Recorded information.
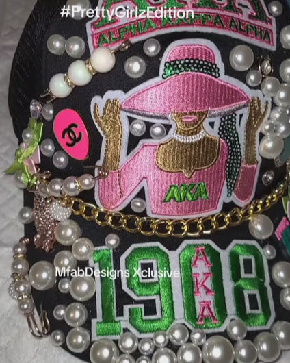 Custom, Loaded (BHDBC) Pink and Green Junk Cap. Handcrafted. As Shown.
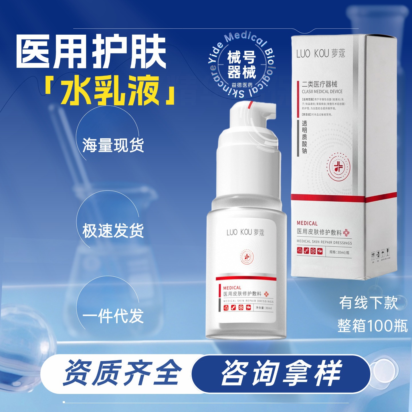 水乳液械字号精华乳保湿 医用皮肤修护敷料术后修护乳液医用水乳
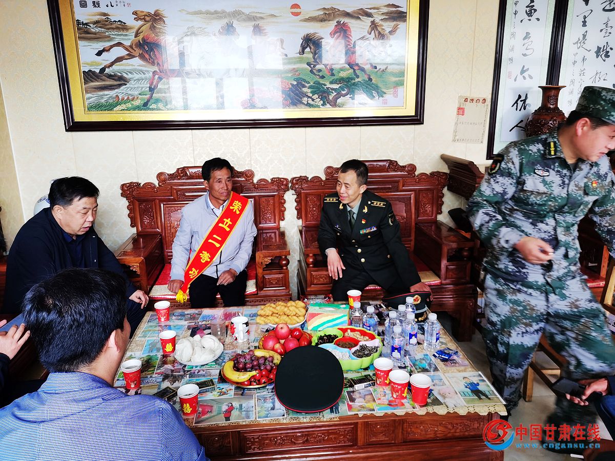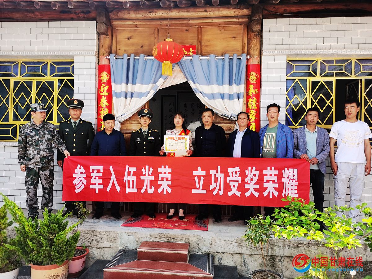 中国甘肃在线西和讯 喜报与爱情结伴,荣誉与幸福来临。5月20日,甘肃省西和县兴隆镇侯庄村魏显奎家热闹非凡,鞭炮齐鸣,锣鼓喧天,县人武部部长赵慧奇与退役军人事务局局长姜金黄为二等功臣魏显奎家送来了功勋荣誉。今天也是魏显奎与未婚妻陈珊珊的订婚仪式,军地联合慰问组为即将成为夫妻的两人送上了深深的祝福。

Your objective. In your copy, leave out the pictures and reproduce the material above exactly.

Answer to the problem.
 Custom, Loaded (BHDBC) Pink and Green Junk Cap. Handcrafted. As Shown.
 水乳液械字号精华乳保湿 医用皮肤修护敷料术后修护乳液医用水乳
 中国甘肃在线西和讯 喜报与爱情结伴,荣誉与幸福来临。5月20日,甘肃省西和县兴隆镇侯庄村魏显奎家热闹非凡,鞭炮齐鸣,锣鼓喧天,县人武部部长赵慧奇与退役军人事务局局长姜金黄为二等功臣魏显奎家送来了功勋荣誉。今天也是魏显奎与未婚妻陈珊珊的订婚仪式,军地联合慰问组为即将成为夫妻的两人送上了深深的祝福。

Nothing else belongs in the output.